======== RECORDED INFORMATION ========

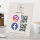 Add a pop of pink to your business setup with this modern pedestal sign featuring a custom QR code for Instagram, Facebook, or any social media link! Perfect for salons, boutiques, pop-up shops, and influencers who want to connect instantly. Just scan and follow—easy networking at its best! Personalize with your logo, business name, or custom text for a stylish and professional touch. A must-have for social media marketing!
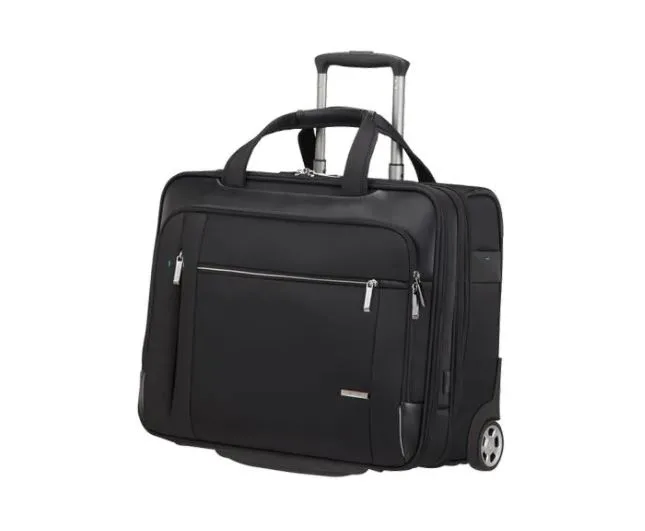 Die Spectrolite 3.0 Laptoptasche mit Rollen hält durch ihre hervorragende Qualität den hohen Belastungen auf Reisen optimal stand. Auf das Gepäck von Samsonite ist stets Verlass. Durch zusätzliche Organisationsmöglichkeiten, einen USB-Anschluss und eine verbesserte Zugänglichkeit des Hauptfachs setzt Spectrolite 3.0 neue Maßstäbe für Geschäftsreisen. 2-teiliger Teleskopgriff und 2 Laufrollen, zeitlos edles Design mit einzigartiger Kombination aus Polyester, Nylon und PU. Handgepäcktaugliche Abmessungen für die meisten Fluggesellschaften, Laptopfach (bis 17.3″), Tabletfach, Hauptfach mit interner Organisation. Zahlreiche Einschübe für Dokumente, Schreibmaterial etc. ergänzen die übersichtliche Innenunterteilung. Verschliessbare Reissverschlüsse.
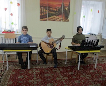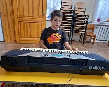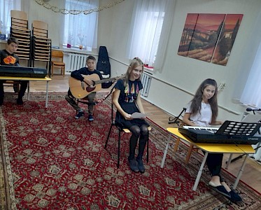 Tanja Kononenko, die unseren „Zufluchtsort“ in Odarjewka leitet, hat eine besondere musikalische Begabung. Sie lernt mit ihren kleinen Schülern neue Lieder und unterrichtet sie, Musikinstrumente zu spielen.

========

Restate the listing above word for word, and skip the pictures.

**ANSWER BOX**:
 Add a pop of pink to your business setup with this modern pedestal sign featuring a custom QR code for Instagram, Facebook, or any social media link! Perfect for salons, boutiques, pop-up shops, and influencers who want to connect instantly. Just scan and follow—easy networking at its best! Personalize with your logo, business name, or custom text for a stylish and professional touch. A must-have for social media marketing!
 Die Spectrolite 3.0 Laptoptasche mit Rollen hält durch ihre hervorragende Qualität den hohen Belastungen auf Reisen optimal stand. Auf das Gepäck von Samsonite ist stets Verlass. Durch zusätzliche Organisationsmöglichkeiten, einen USB-Anschluss und eine verbesserte Zugänglichkeit des Hauptfachs setzt Spectrolite 3.0 neue Maßstäbe für Geschäftsreisen. 2-teiliger Teleskopgriff und 2 Laufrollen, zeitlos edles Design mit einzigartiger Kombination aus Polyester, Nylon und PU. Handgepäcktaugliche Abmessungen für die meisten Fluggesellschaften, Laptopfach (bis 17.3″), Tabletfach, Hauptfach mit interner Organisation. Zahlreiche Einschübe für Dokumente, Schreibmaterial etc. ergänzen die übersichtliche Innenunterteilung. Verschliessbare Reissverschlüsse.
 Tanja Kononenko, die unseren „Zufluchtsort“ in Odarjewka leitet, hat eine besondere musikalische Begabung. Sie lernt mit ihren kleinen Schülern neue Lieder und unterrichtet sie, Musikinstrumente zu spielen.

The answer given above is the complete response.